– До слёз стало! Видит Бог – как во тьме хожу.
И опять уехал в любимое Коломенское на сердешную потеху – соколиную охоту, – где поджидали его два дикомыта, два молодых сокола, выловленные в калмыцких степях. Вернулся в Москву затемно и, просматривая накопившиеся бумаги, поведал дядьке Морозову, как один из дикомытов по кличке Угон круто взнялся с руки подсокольничего Мишки Щукина и над поймой реки Москвы лихо заразил утицу.
– Молоньей сверху пал, да как мякнет по шее, так она, падая, десятью раз перекинулась! А уж как красносмотрителен высокого сокола лёт – слезу жмет!
Морозов, хоть и не уважал эту царскую забаву, внимал с почтением, не забывая подкладывать бумаги. Царь и подписывал, и рассказывал, то весело, то гневливо:
– А Мишка, стервец, Щукин, возьми и огорчи. На радостях от похвалы и подарка нашего, скрадясь от глаз государевых, у ключа Дьяковского со товарищи кострище разведя, опились до безумия, и он, теперь сокольничий, свалился на уголья. Еле выхватили из пламени: волос головий обгорел и лицо вздулось, яко пузырь бычий. Вона как чин новый обрящет!.. Короста спадет – пороть бесщадно пьяную неумь!
Одна бумага шибко разозлила государя. Он прихлопнул ее ладонью, как досадившую муху.
– Чёл? – спросил у распустившего в улыбке губы Морозова.
– Чёл, государь, – кивнул и обронил улыбку боярин. – Не тебе бы вникать в этакое, да кому ж, раз церковь сиротствует.
– А игумены пошто бездействуют, потатчики? – Румянец наплывал на круглое лицо государя. – Пошто в Саввином монастыре казначей Никитка бурю воздвиг на нашего стрелецкого десятника и посохом в голову зашиб?! Как посмел, вражина, оружие и зипуны, и сёдла за ограду монастырскую выместь, нашей приказной грамоте не подчинясь?..
Алексей Михайлович все более распалялся, жарко густел лицом:
– Ты уж, Борис Иванович, присядь да пиши, что выговаривать учну.

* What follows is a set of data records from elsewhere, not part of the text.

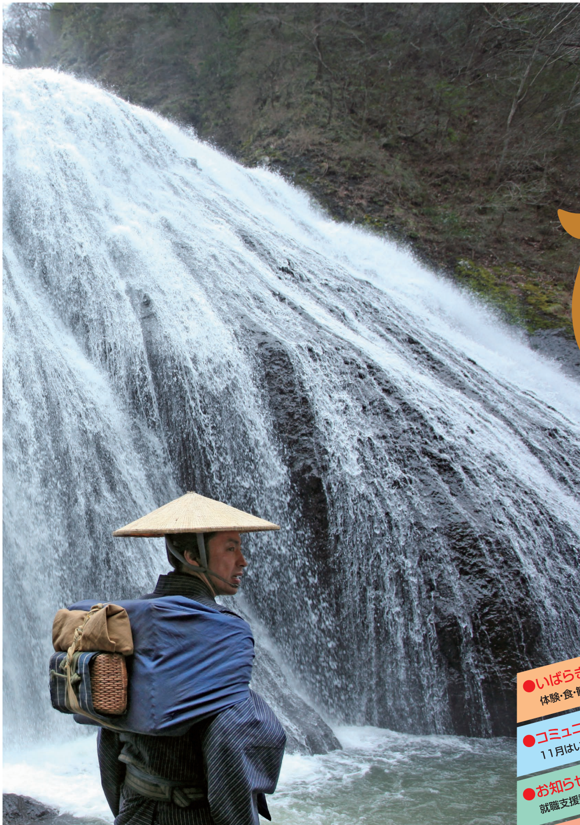
袋田の滝(映画『桜田門外ノ変』ロケシーン)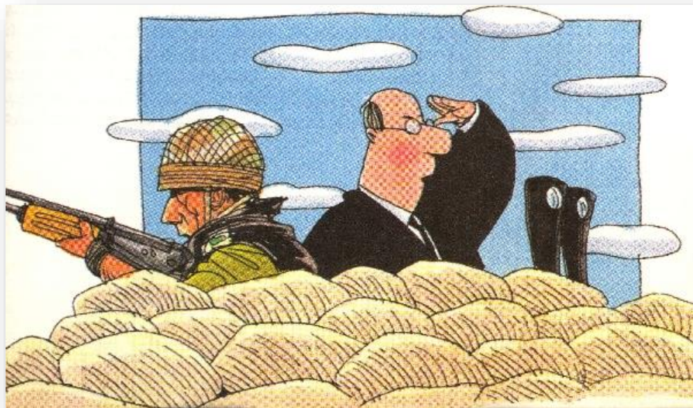
איור בדבר נוכחותם של משפטיים בקרב הלוחמים, עיתון "במחנה"

לשיטת הוועדה דאז, על היועצים המשפטיים לסגת ולהניח למפקדים למלא את משימתם. מסקנה זו של הוועדה לא התקבלה על ידי בצה"ל יש להרחיב ולמסד את מתן הייעוץ המשפטי האופרטיבי בצה"ל.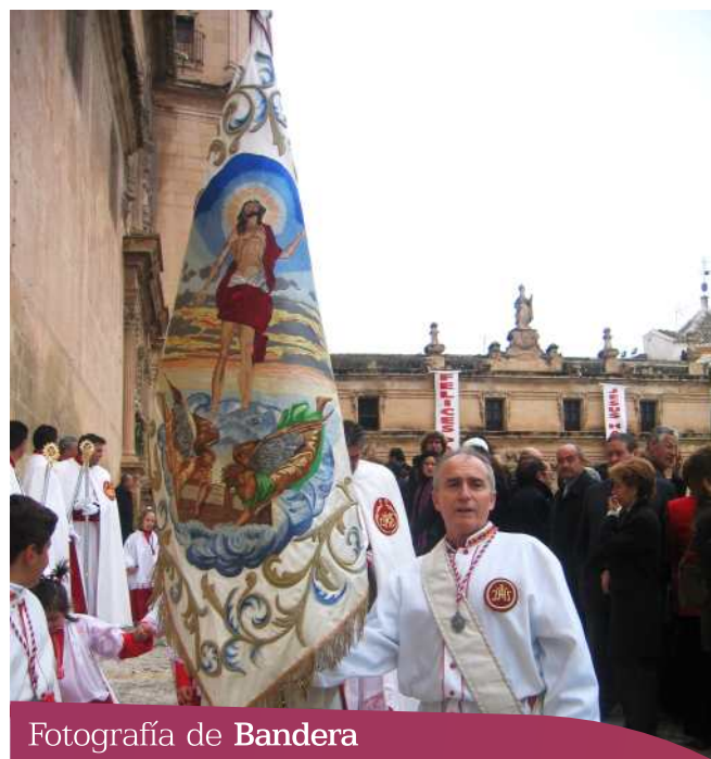
Fotografía de Bandera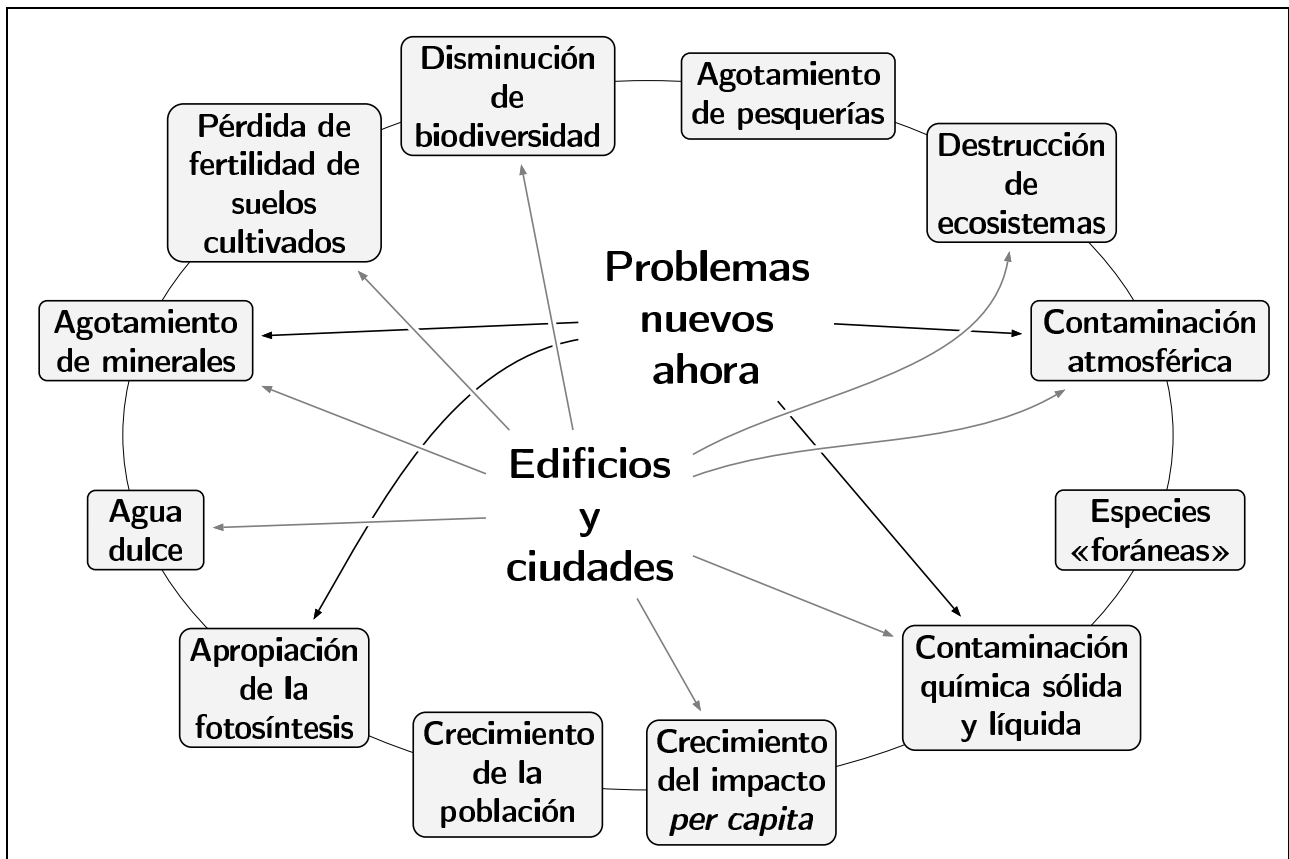
Figura 1: La crisis ecológica.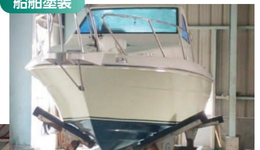
キャビン = ウレタン樹脂 船底 = 防汚塗料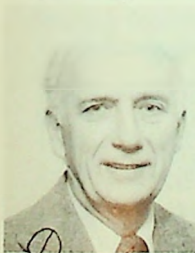
Erling Utne Erling Utne biskop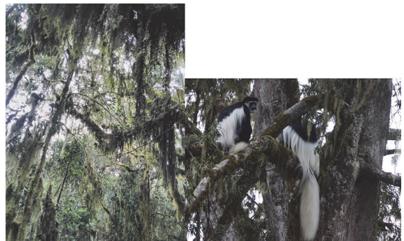
写真 6 雲霧林 (2500 m 付近) とその中に生息するクロシロ・コロンプス.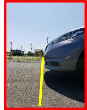
③車両の先頭がゴールラインに達したらゴール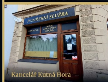
Kancelář Kutná Hora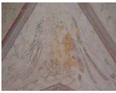
Après travaux de restauration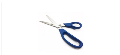
Saxar BST 9, upptäckbar med metalldetektor

Livsmedelsgodkänd, upptäckbar med metalldetektor och röntgen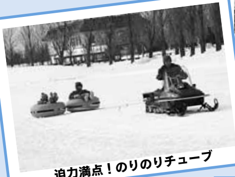
迫力満点! のりのリチューブ

札苗地区の「モエレまちづくり委員会」の皆さんが、竹スキーを手作り。挑戦した子どもたちは悪戦苦闘しながらも、今のスキーと違った滑り心地を楽しみました。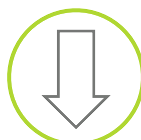
download de nieuwste versies (Apple of Windows, NL of EN) op www.slimmerwerkencoach.nl/sneltoetsen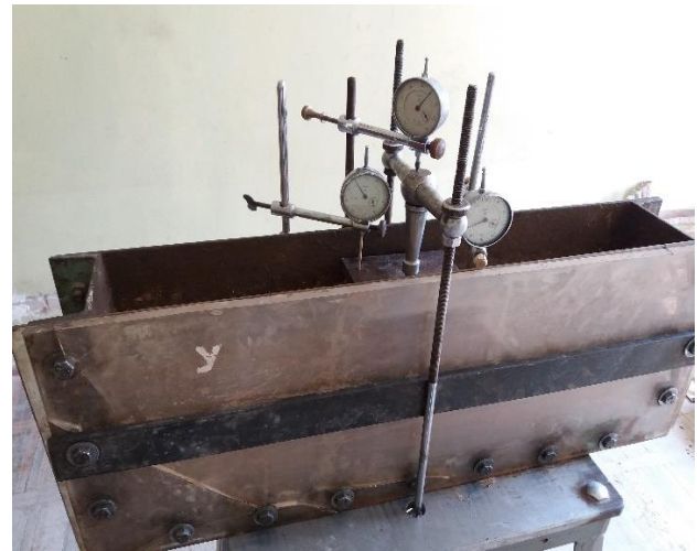
Fig. 1. Model of soil bank in trough with measuring devices.

loaded the tested model fixing the readings of the measuring devices.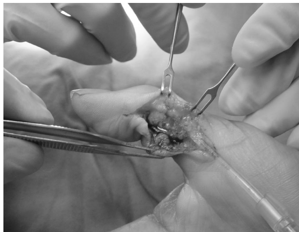
Fig. 3 - Applicazione Hyaloglide®.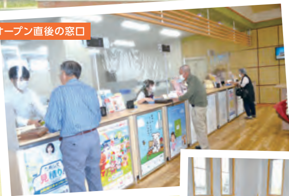
オープン直後の窓口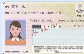
代理人の本人確認書類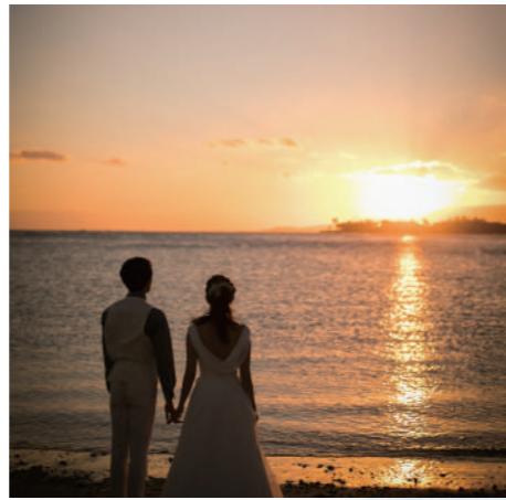
サンセットビーチ [NF-10] 世界一美しいと言われるハワイのサンセットの中でロマンチックな撮影。幻想的な雰囲気の中、ドラマチックな写真が残せます。

Сам не управлюсь, эва как пальцы плясуют.
Морозов впервые видел государя таким взъерошенным, потому проворно, не по годам, отлистал от стопки несколько листов бумаги, плотно усадился на скамье и, тюкнув пером в чернильницу, пал грудью на стол, растопыря локти. Он, дядька-воспитатель царя, вконец уверовал – всё! Выпорхнул из-под его крыла оперившийся птенец.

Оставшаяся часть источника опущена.